To make matters worse, a heat wave struck Lubombo last month, prompting the National Emergency Relief Council to express concern about the situation there.

Such difficulties, coupled with the country&#39s small population and the availability of other land, have prompted suggestions that Swazis might be relocated in response to persistent drought.


"There are unused government farms in agriculturally viable parts of the country. Why not relocate families who cannot scratch out an existence in Lavumisa and depend on food aid year after year? Food aid should not be a lifestyle. People become dependent," said Walker Nkambule, a businessman from Manzini, the commercial hub of the country.

Currently there are state farms lying idle that government economic planners intend incorporating into large-scale agriculture projects when funding becomes available. They reject proposals to convert the land into small subsistence farms, claiming this would not be economically viable.
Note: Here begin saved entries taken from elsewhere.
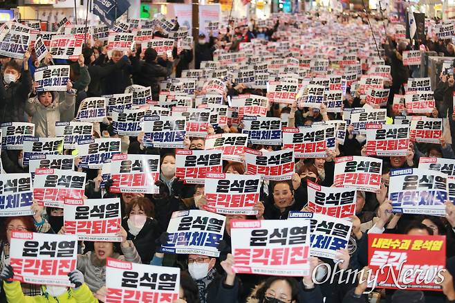 | ▲ '군사반란 계엄폭거 내란범죄자 윤석열 즉각 퇴진 부산시민대회'가 6일 부산 서면 쥬디스 태화 옆 하트조형물 쪽에서 열리고 있다. '윤석열 즉각 퇴진' 손팻말을 들고 집회에 참여한 10대와 20대들. |
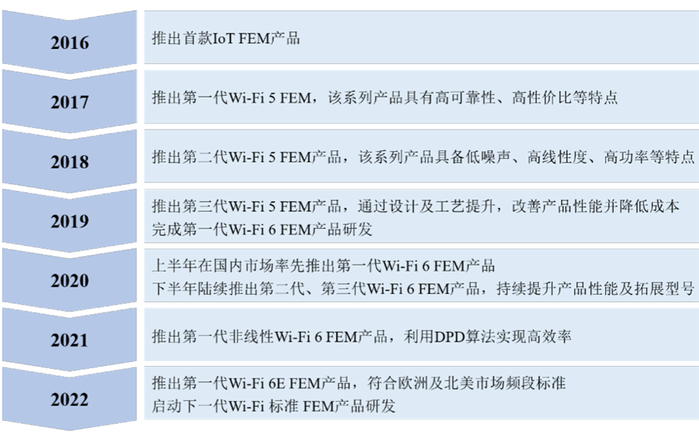 Wi-Fi FEM是应用于Wi-Fi通信的射频前端芯片模组,其性能影响用户使用Wi-Fi通信时的联网质量、传输速度、传输距离、设备能耗等。
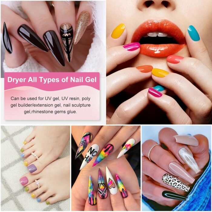 Cure All Nail Gels:This uv nail light apply to most UV/LED gel, Top coat, base gel, colour gel, builder gel, nail sculpture gel, acrylic gel etc. But all gel uv led nail lamp can not dry regular polish
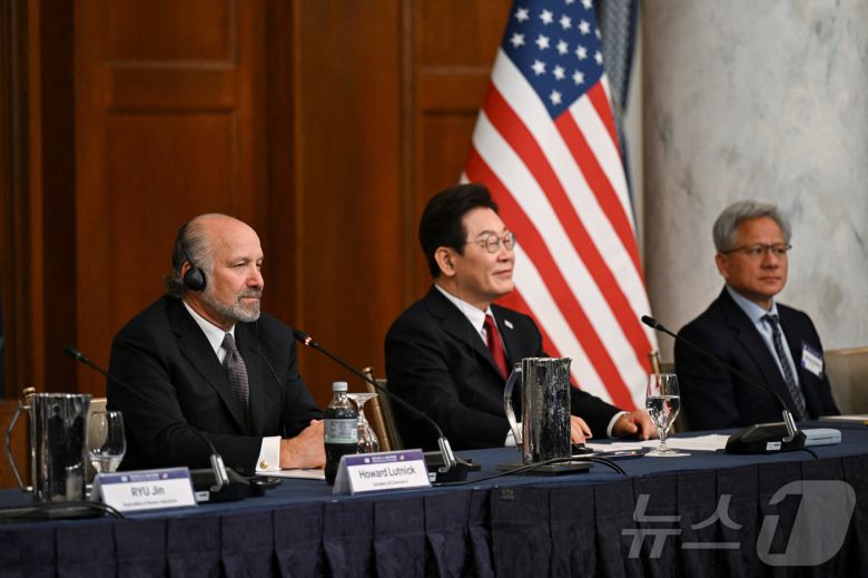 이재명 대통령이 25일(현지시간) 미국 워싱턴DC 윌라드 호텔에서 열린 한미 비즈니스 라운드 테이블에서 발언하고 있다. 왼쪽부터 하워드 러트닉 미국 상무장관, 이 대통령, 젠슨 황 엔비디아 최고경영자. ⓒ 로이터=뉴스1 ⓒ News1 신웅수 기자 |

"Subsistence farming is very traditional but it only supplements family income from other sources. Nobody can live on it anymore," said Ndwandwe.

At present, 80 percent of the population resides on small farms located on communal land that is overseen by chiefs. Government would like to see farmers combine their fields into larger co-operative ventures.

Christopher Fakudze, an economist who works with the Ministry of Natural Resources to develop water needs projections and water resource management, disagrees with the proposal to abandon drought prone areas. "Swaziland is geographically a small place, and there is no reason why we cannot pipe water to where it is needed."

The large scale projects required to pipe in water would be very expensive, however.

Amidst widespread poverty, few people can afford to move away from inhospitable land of their own accord. According to the 2007/2008 United Nations Human Development Report, 47.7 percent of people in Swaziland live on less than a dollar a day – and 77.8 percent on less than two dollars a day.

These figures reflect the widespread joblessness in this Southern African nation; 2007 statistics from the United Nations Food and Agriculture Organisation put unemployment in Swaziland at up to 40 percent, a figure that includes people who are too discouraged to seek work.

Mphilo Dube, a 20-year-old resident of Lavumisa, spent three months trying to find work at the Matsapha Industrial Estate, where the country&#39s few factories are concentrated, in central Swaziland. "I gave up when I got tired of going hungry. At least here I am with my family," Dube said.

Poverty and climatic hardship elicit a stoic response from many Swazis.

"There is a reason that Swaziland is a stable country despite its humanitarian crisis. The people are conservative. They prefer hardship to the unknown that change brings," said a political scientist at the University of Swaziland.

"This is why people stay in those dusty lifeless areas, and why government policy has been for poverty alleviation where people live, rather than relocation."